Below is a listing with pictures in it; transcribe exactly the lines from the one that has "⑩ 试将创世记所载的事与地图" through the one that has "Monaco 2015. 1c-2X", and omit those pictures.

• [Records for the exercise]
- Opening Delimiter -
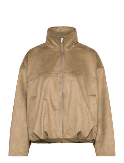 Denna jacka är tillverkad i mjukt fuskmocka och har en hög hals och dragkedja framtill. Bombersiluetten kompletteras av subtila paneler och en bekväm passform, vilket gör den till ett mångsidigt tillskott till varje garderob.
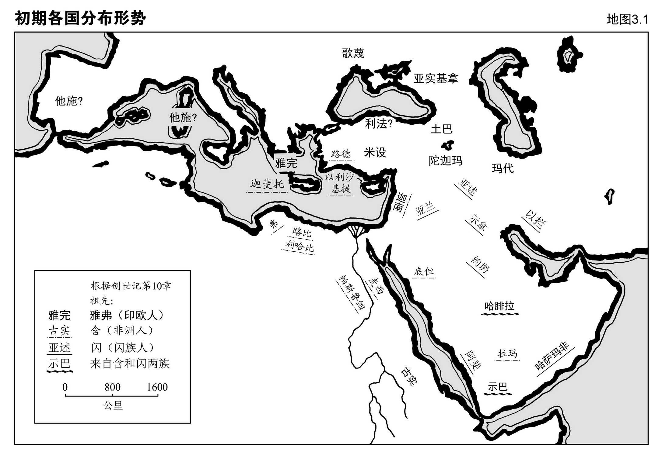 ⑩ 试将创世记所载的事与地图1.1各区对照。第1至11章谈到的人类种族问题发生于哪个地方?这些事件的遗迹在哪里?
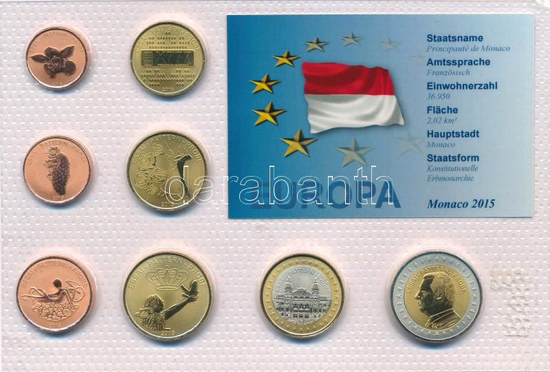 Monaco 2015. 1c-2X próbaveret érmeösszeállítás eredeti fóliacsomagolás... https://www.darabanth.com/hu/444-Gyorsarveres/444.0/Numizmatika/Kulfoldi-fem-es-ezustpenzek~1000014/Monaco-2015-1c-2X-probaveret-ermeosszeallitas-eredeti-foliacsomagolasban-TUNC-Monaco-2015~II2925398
- Closing Delimiter -
- Opening Delimiter -
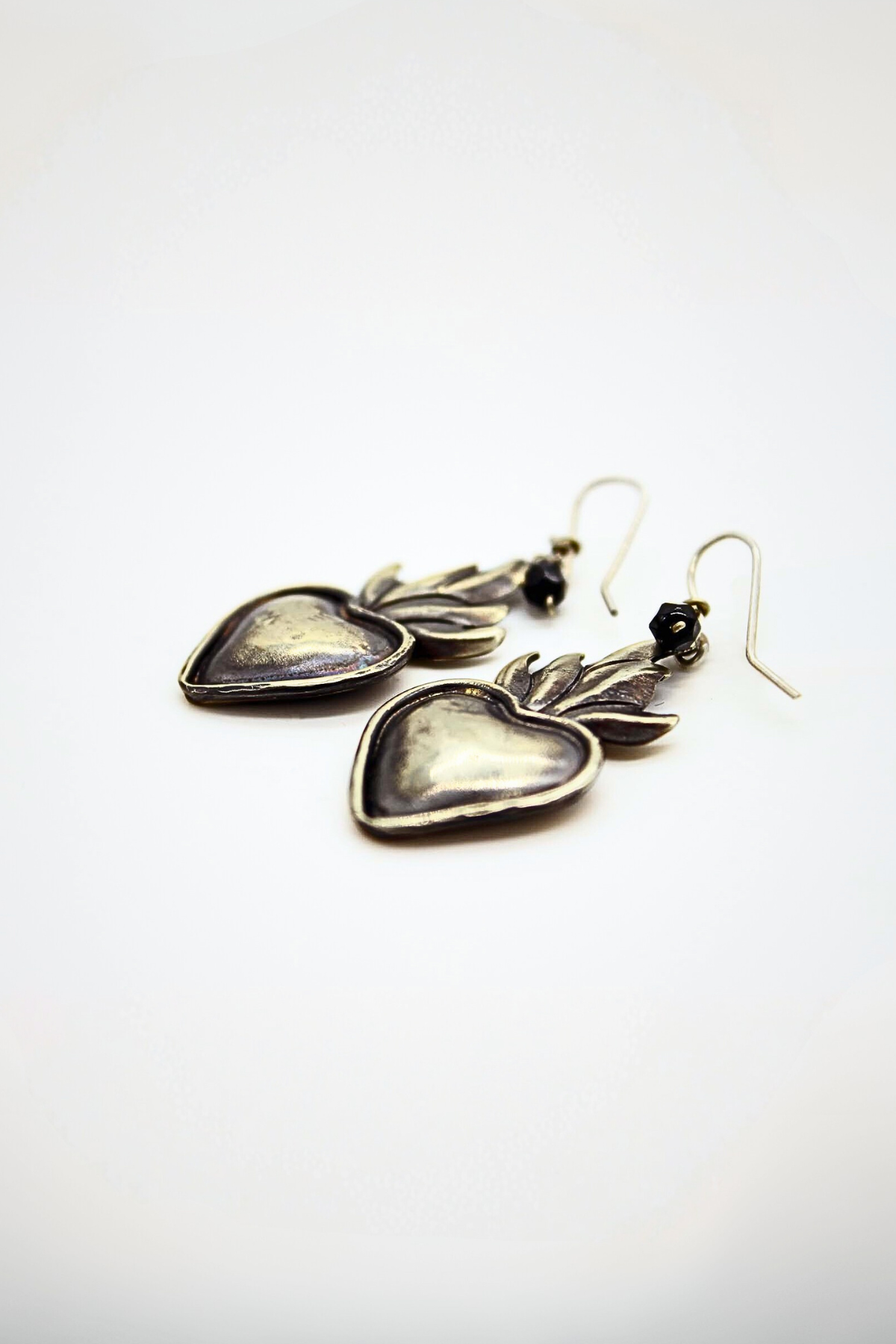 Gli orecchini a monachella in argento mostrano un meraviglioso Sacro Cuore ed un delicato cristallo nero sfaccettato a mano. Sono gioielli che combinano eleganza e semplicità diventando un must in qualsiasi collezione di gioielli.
- Closing Delimiter -
- Opening Delimiter -
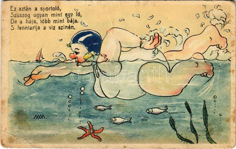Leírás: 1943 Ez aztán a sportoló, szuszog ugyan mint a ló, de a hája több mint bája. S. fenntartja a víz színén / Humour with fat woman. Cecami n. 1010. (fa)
- Closing Delimiter -
• [Result]
 ⑩ 试将创世记所载的事与地图1.1各区对照。第1至11章谈到的人类种族问题发生于哪个地方?这些事件的遗迹在哪里?
 Monaco 2015. 1c-2X próbaveret érmeösszeállítás eredeti fóliacsomagolás... https://www.darabanth.com/hu/444-Gyorsarveres/444.0/Numizmatika/Kulfoldi-fem-es-ezustpenzek~1000014/Monaco-2015-1c-2X-probaveret-ermeosszeallitas-eredeti-foliacsomagolasban-TUNC-Monaco-2015~II2925398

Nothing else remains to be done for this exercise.